Author Peter Blumenstock describes Miranda in She Killed in Ecstasy within Obsession: "Actress Soledad Miranda's physical presence alone brings an atmosphere of mysterious eroticism and melancholy to the film that is seldom to be seen in Franco's other work...Sie tötete in Ekstase ("She Killed in Ecstasy") is, like Vampyros Lesbos of the same year, a straight "star vehicle" built around Miranda. In most of the film's 75 minutes it is her--in countless costumes and wigs (and of course nude)--sporting with numerous lovers of both sexes." The authors of Immoral Tales: European Sex & Horror Movies, 1956-1984 write: "For a film filled with nudity, strange decor and kitschy muzak Sie tötete in Ekstase is a downbeat, depressing affair. Even the presence of the lovely Soledad Miranda fails to revive the tortured, repetitive plot. The film overflows with death and thwarted desire...Sie tötete in Ekstase is deadly serious. Too serious to be entertaining." The authors of Bizarre Sinema: Jess Franco : El Sexo Del Horror have this to say about She Killed in Ecstasy, after declaring that Vampyros Lesbos is the best production of the post-Harry Alan Towers, Karl-Heinz Mannchen/Artur Brauner/Miranda era: "In a singular way, Las Vampiras/Vampyros Lesbos defines and sublimates Franco's fondess for lesbianism, already preponderant in Necronomicon and in a few Towers movies. So, for Franco's pleasure, Soledad Miranda 'gave life,' once again, to a lesbian relationship, re-proposing the same couple featured in Las Vampiras/Vampyros Lesbos, in another film of this set, Sie tötete in Ekstase. Her partner was the actress Ewa Strömberg, a very attractive blond-haired Swedish...Beyond this remarkable lesbian-personal coincidence, nothing more can be said about Sie tötete in Ekstase, an anonimous (sic) and rushed variation on the theme of Miss Muerte/Dans les griffes du maniaque, filmed with the title Mrs. Hyde."

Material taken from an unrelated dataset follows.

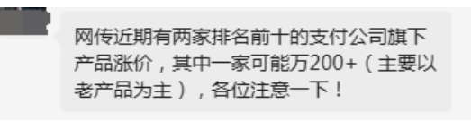 另外有业内人士透漏,近期可能还会有两家排名前十的支付公司旗下产品要涨价,其中一家可能涨至万200以上!

Any viewer who watches Jess Franco's She Killed in Ecstasy (Sie tötete in Ekstase) (1970) is immediately confronted by Soledad Miranda's powerful presence and performance in Franco's extremely simplistic narrative. Dr. Johnson (Fred Williams) engages in cutting-edge embryonic research and he approaches the medical association with his research who find the doctor's work unethical and too controversial. The association expels Dr. Johnson and effectively ends his career goals and aspirations. He commits suicide with his only survivor his loving wife (Miranda). His death induces madness in the young widow, and she learns the identity of the association doctors (portrayed by Howard Vernon, Ewa Strömberg, Paul Muller, and Franco) and seeks revenge. Her revenge takes the form of seduction, from simple to elaborate, then murder. 

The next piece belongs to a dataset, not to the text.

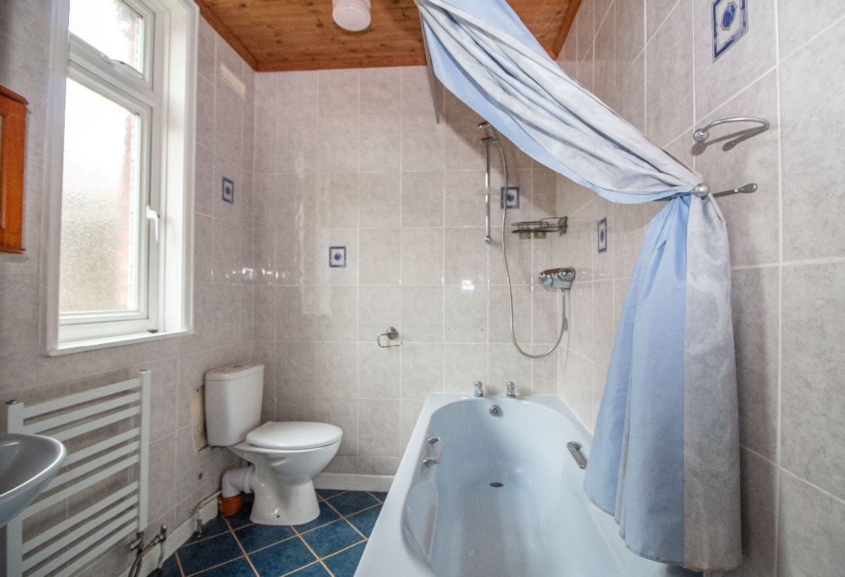 Suite comprising panelled bath, pedestal wash hand basin, close coupled low level wc, tiled walls, ladder style radiator, double glazed obscured window to side aspect, wall mounted light / shaver point, airing cupboard with shelving and hot water tank.

Jess Franco and Soledad Miranda's final collaboration becomes a de facto love letter to its leading lady. Manuel Merino's photography focuses solely and seductively upon Miranda, as she seduces the film's characters. Franco's compositions are a little too clean for my tastes and too formal, as if he doesn't want to taint the beauty of Miranda. Numerous close-ups of her face and hypnotic eyes fill She Killed in Ecstasy, as Miranda is often able to portray her descent into madness and despair through only the windows into her soul. Franco's solemnity for Miranda's presence is offset by his usual playful nature: for example, Vernon's character is easily seduced by Miranda in a bar with a look and a flash of her legs. Back in Vernon's hotel room, he reveals that his kink is to be degraded and beaten while having sex. Miranda's character has no problem whatsoever complying with this request, as Vernon climbs too far into his ecstasy to notice that Miranda's beating and degrading is genuine. Strömberg's seduction is the film's most intimate, and its intimacy creates an odd blend of steamy eroticism and uncomfortable emotion, as the viewer knows, simmering inside is a deep hatred within Miranda's character. Muller's seduction and encounter with Miranda is the most circuitous and elaborate and the most entertaining of She Killed in Ecstasy.

Those seeking strong narratives should look elsewhere. Those seeking a strong and another seductive performance by beauty Soledad Miranda need to look only to She Killed in Ecstasy.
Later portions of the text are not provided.